If it did not exist, it would have to be created

In the May-June edition of the Benchers’ Bulletin, Law Society President Howard Berge, QC, describes “... the precipitous decline of the common law and of the independence of the legal profession.” President Berge then references the developing situation in Australia, observing that in New South Wales the government has recently given the 18,000 member Law Society until July, 2004 to separate its regulatory and member services functions. President Berge notes that in Queensland, the State Government has moved to transfer the Law Society’s investigatory and prosecutorial role in lawyer discipline to a newly created Legal Services Commission.

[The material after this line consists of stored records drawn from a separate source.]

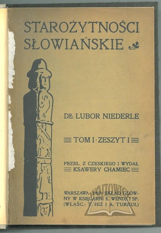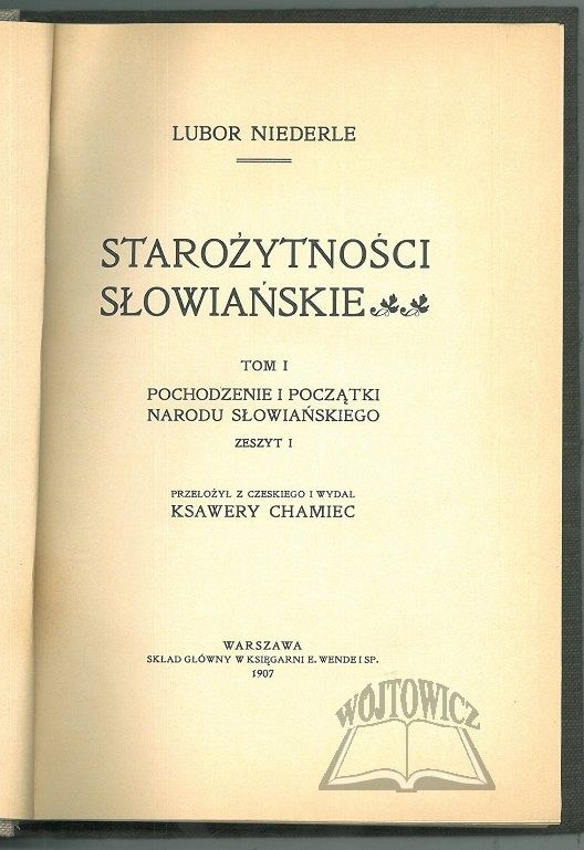 Tom 1, zeszyt I-II: Pochodzenie i początki Narodu Słowiańskiego. Przeł. z czeskiego i wydał Ksawery Chamiec. Warszawa 1907. Skł. Gł. w Księg. E. Wende i Sp. 4, s. XXII, 236, [2], 237-608, II, mapki na osobn. tabl. (w tym 3 skład.), okł. oryg. brosz., opr. pł. wtórna.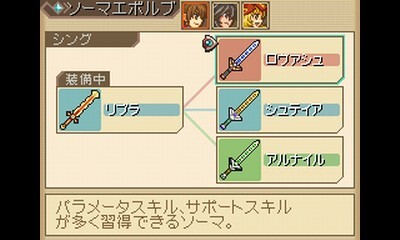 또한 「소마」라 불리는, 캐릭터 고유의 무구를 강화하는 개성적인 육성 시스템도 특징이다. 「하츠」에선 일반적인 RPG에서 말하는 무구를 구입한다는 개념이 없고, 소마를 강화하는 것으로 새로운 술기를 얻거나, 패러미터를 강화한다. 소마를 강화하는 「소마 스킬」은 적을 쓰러뜨리거나 필드를 탐색해서 획득할 수 있는 소재를 사용한다.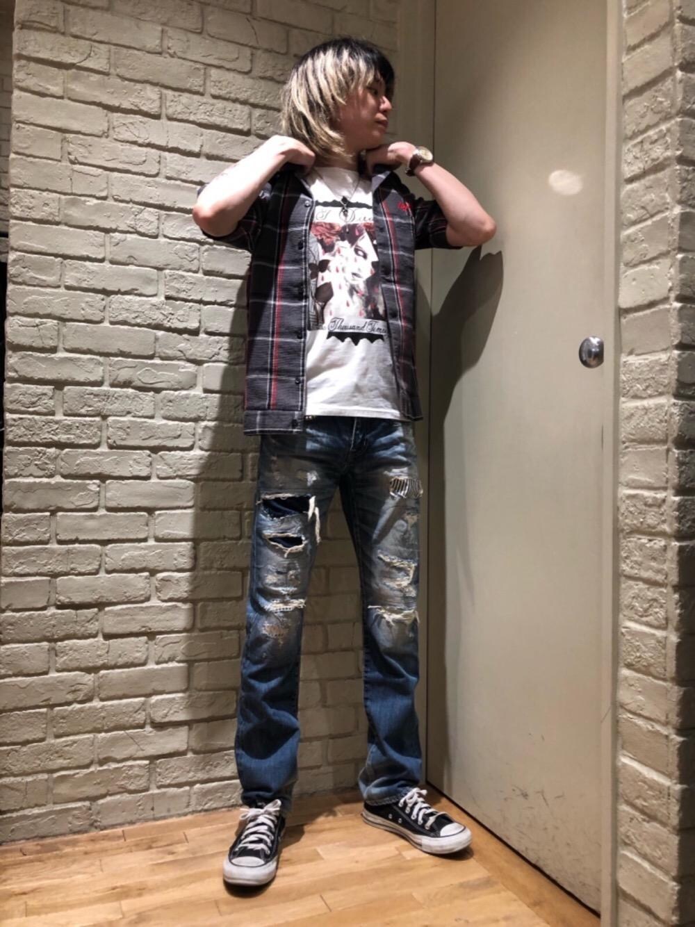Mitsu(HYSTERIC GLAMOUR横浜ジョイナス店)のTシャツ/カットソー「NIAGARA/I DIED A THOUSAND TIMES pt Tシャツ」を使ったコーディネート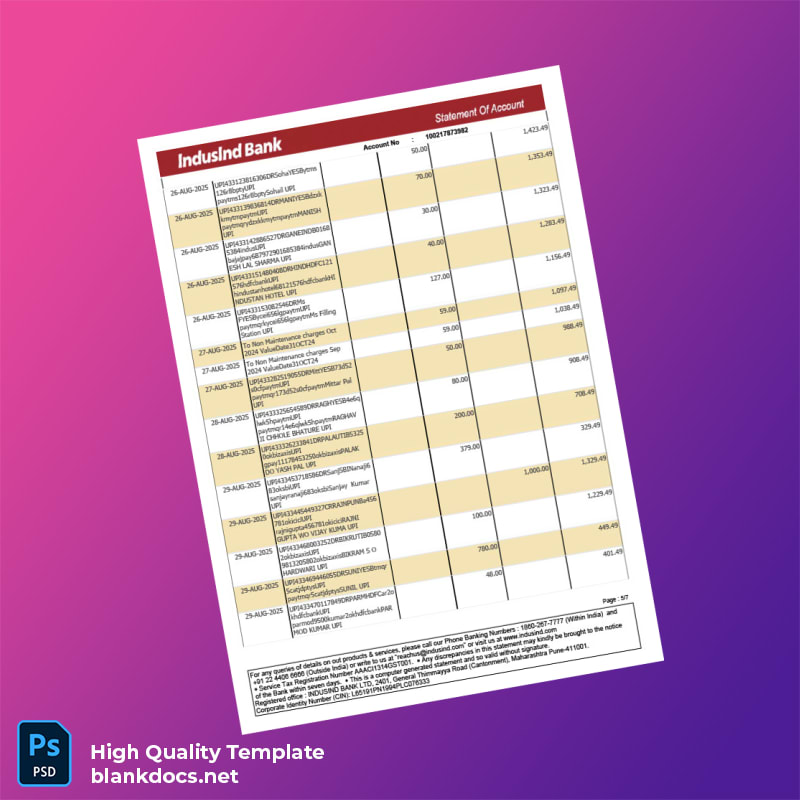 India IndusInd Bank Statement Template in Word and PDF Formats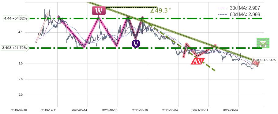 ♘ 阻力价格位4.44,可信任强度95.54%,距离最后交易2022-08-12形成的收盘价格2.870相差 +54.82%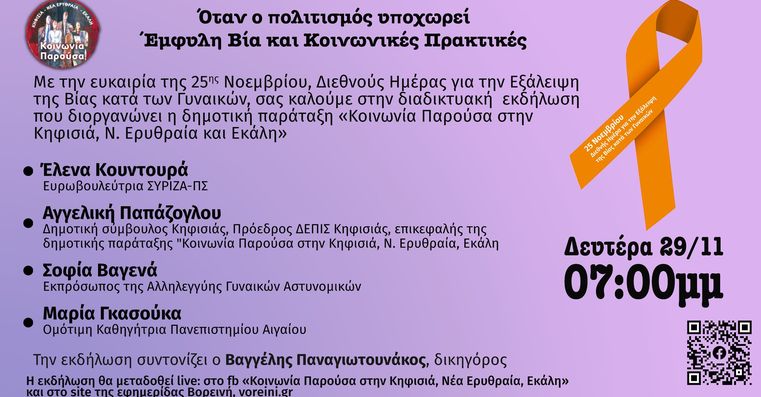 Με την ευκαιρία της 25ης Νοεμβρίου, Διεθνούς Ημέρας για την Εξάλειψη της Βίας κατά των Γυναικών, η δημοτική παράταξη «Κοινωνία Παρούσα στην Κηφισιά, Ν. Ερυθραία και Εκάλη» διοργανώνει διαδικτυακή εκδήλωση με θέμα: «Όταν ο πολιτισμός υποχωρεί : Έμφυλη Βία και Κοινωνικές Πρακτικές».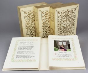 RONSARD : Les amours de Marie – Les amours de Cassandre – Sonnets pour Hélène. Aquarelles de A. E. Marty. Paris, Les Heures claires, 1957. 3 volumes in-4° en feuilles, sous chemises et étuis ornés de l’éditeur.Bon exemplaire illustré de...
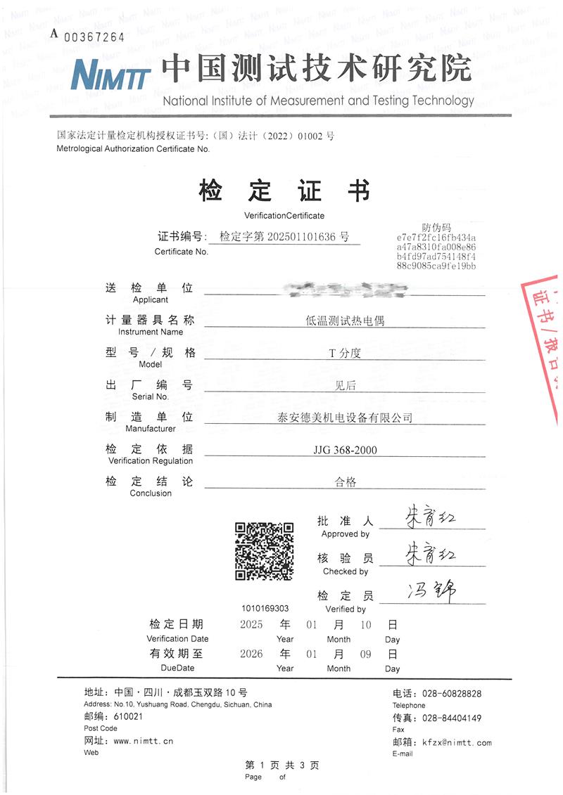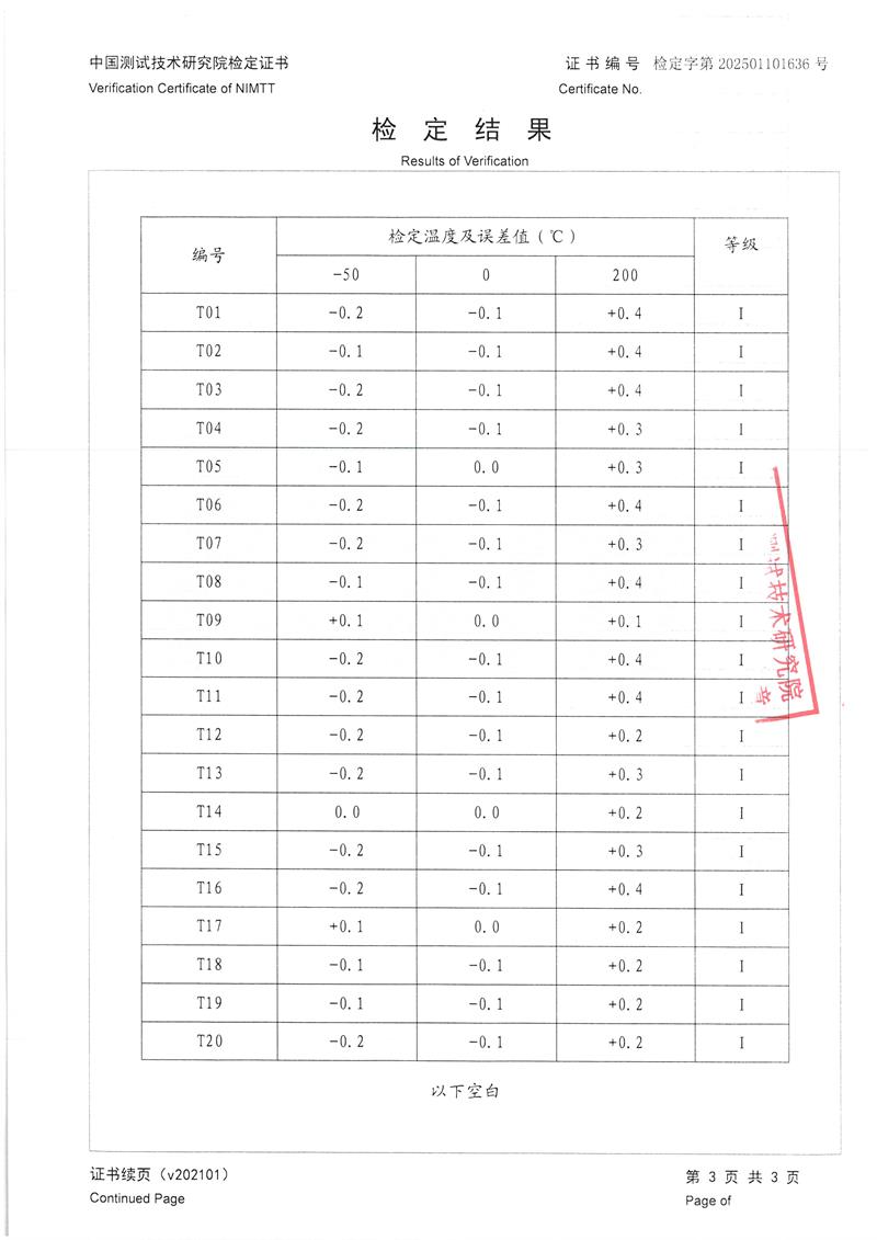 (T型)低溫測試熱電偶檢定證書 2025-1-13 本文被閱讀 5140 次

As President Berge puts it, “All of this speaks to the need for Law Societies to behave in a manner beyond reproach and to defend the principle of self-regulation with conviction and integrity. Without question, our work as a Law Society must be shown as serving the public interest – our primary statutory mandate – and not our own interest as lawyers. This is fundamental to preserving public confidence in professional self-regulation.”

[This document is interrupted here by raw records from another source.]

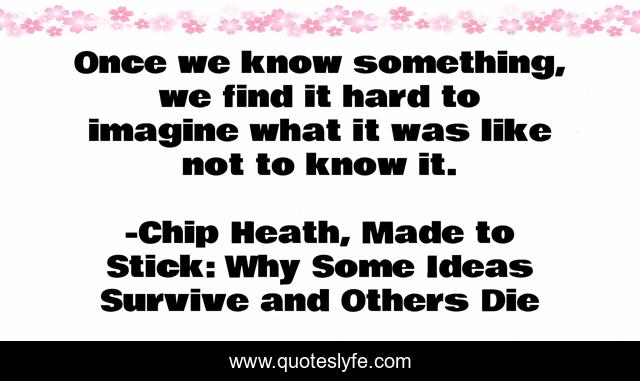 This page presents the quote "Once we know something, we find it hard to imagine what it was like not to know it.". Author of this quote is Chip Heath, Made to Stick: Why Some Ideas Survive and Others Die. This quote is about imagination, knowledge, forgetfullness,.
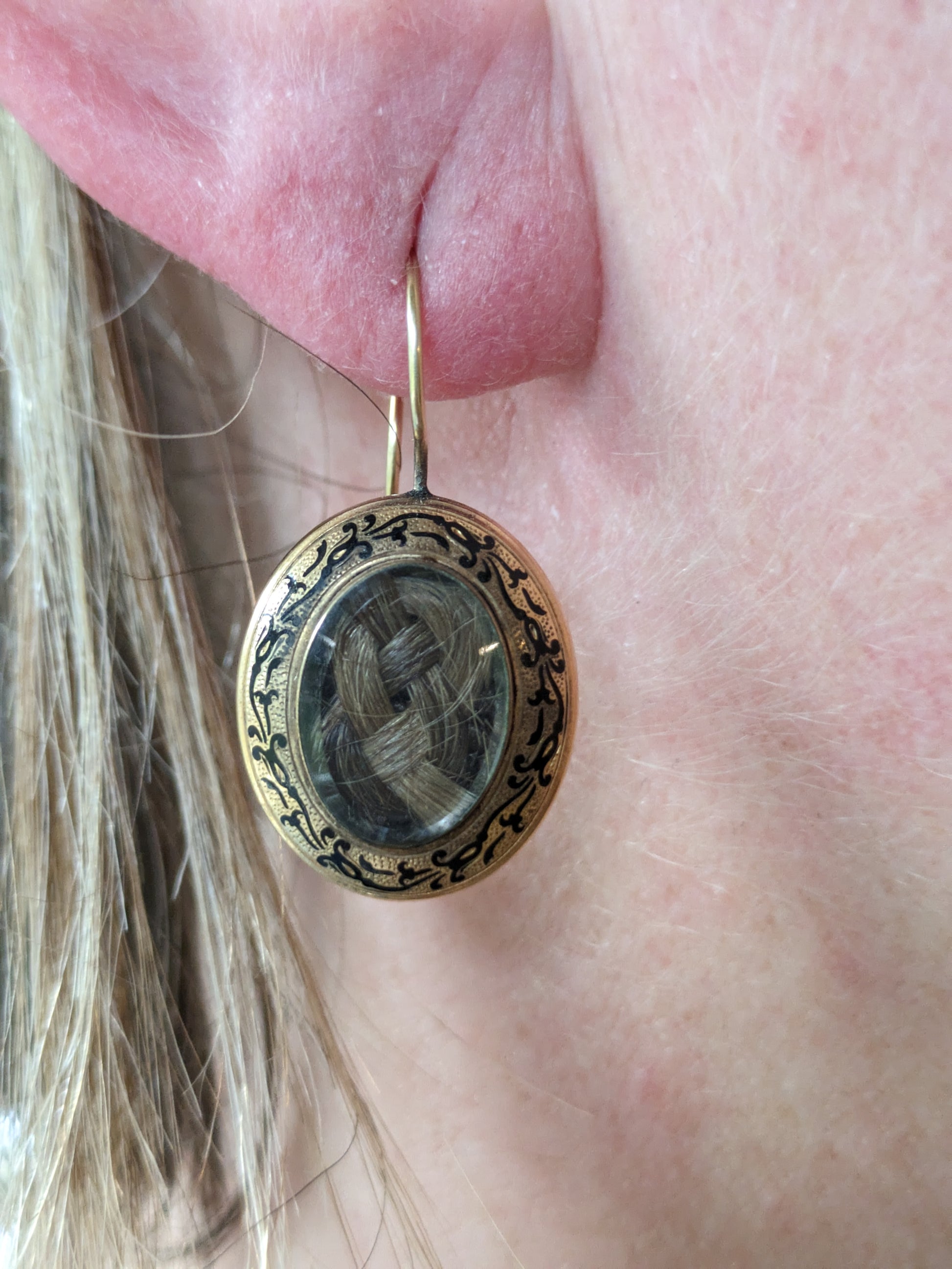 AA May 8 1871 Mourning earrings with hair and black enamel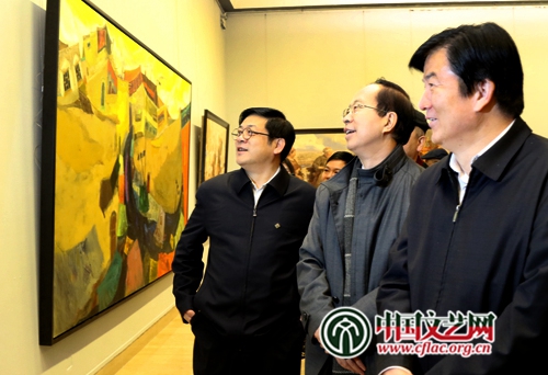 中國(guó)文聯(lián)黨組副書(shū)記、副主席李屹,中國(guó)文聯(lián)黨組成員、副主席左中一,中國(guó)美術(shù)家協(xié)會(huì)分黨組書(shū)記、駐會(huì)副主席、秘書(shū)長(zhǎng)徐里觀看畫(huà)展 中國(guó)文藝網(wǎng) 段冉攝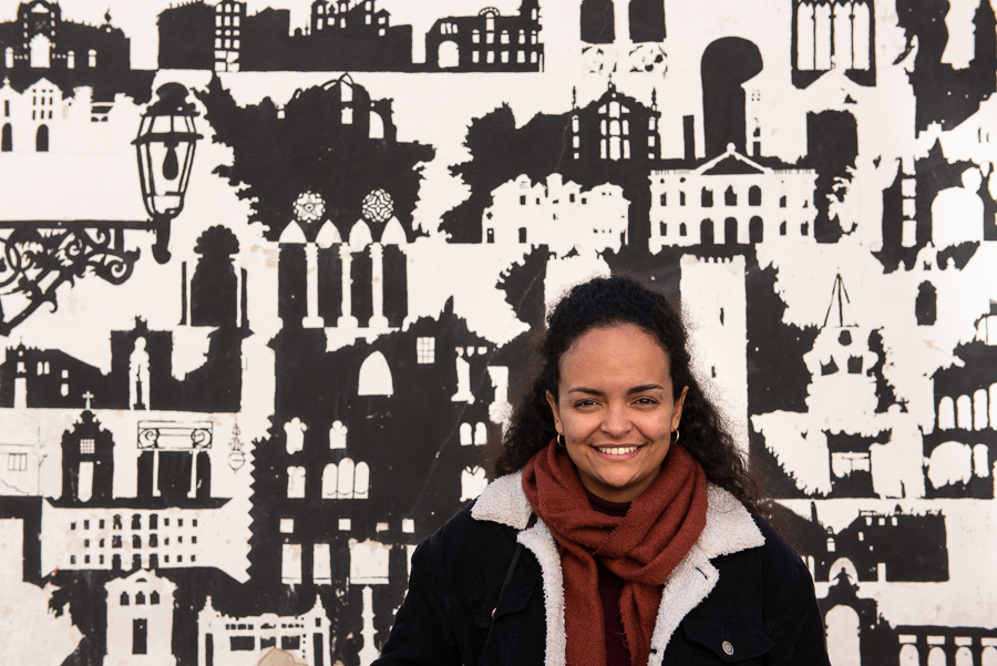 Hérica, de Brasília – capital brasileira feita por migrantes de todo o Brasil –, esclarece que só na Mouraria são hoje mais de cinquenta nacionalidades a conviver, de acordo com os censos de 2011. É nesta multiplicidade que José Clewton se demora no retrato a Cadi, proveniente de Bissau, que nos garante estar ali “todos os dias” no Largo, desde que chegou a Portugal para fazer tratamento. Vemo-la agora no papel, lado a lado com o património que a rodeia e com o qual interage, enquanto prosseguimos pela Rua do Arco da Graça. “Vivi muito tempo na Penha de França, ao pé da Graça, mas depois fui para Sintra… Conheço a rua debaixo, mas para esta aqui nunca vim”, partilha Maria Amélia, fascinada pela variedade de restaurantes e lojas que vai espreitando. Cátia Lopes – colaboradora do IMVF e

In British Columbia, the members of the Law Society acted long ago to recognize and deal effectively with the dilemma. On January 1, 1948 all members of the Law Society of British Columbia were enrolled as members of the Canadian Bar Association. Alfred Watts, QC, records the further evolution of this relationship in his book “History of the Legal Profession in British Columbia 1869-1984”, at page 23:

“...C.C. Locke, QC, a Bencher, later President of the CBABC, later Treasurer and now Mr. Justice Locke presented a very comprehensive letter on the future of the Society to the then Treasurer, C.D. McQuarrie, QC, dated November 23, 1967, suggesting a delineation of responsibility between the Law Society and the local section of the Canadian Bar Association – a sentiment which was similarly expressed by the retiring President of the Vancouver Bar Association, J.D. Taggart, QC, now Mr. Justice Taggart. The suggestions of Locke and Taggart were canvassed at special meetings of the Benchers and it was decided that certain non-statutory duties should be passed to some other body, and while possible new organizations were considered the B.C. Branch became the recipient commencing with the responsibility for law reform and continuing legal education in 1968.”

Mr. Watts concluded that as a result the Law Society enhanced its overall capability and, in promoting the effectiveness of the B.C. Branch, produced a better-rounded profession on both a provincial and national basis.

The primary mandate for the Canadian Bar Association was and continues to be “lawyers for lawyers.”

What is clear from the developing international debate is that there is a move toward the division of functions now being mandated to the Law Society of New South Wales. We can be proud that B.C. lawyers recognized so long ago the importance of a division of responsibilities between the Law Society of B.C. and the Canadian Bar Association, allowing both organizations to effectively fulfil their respective mandates.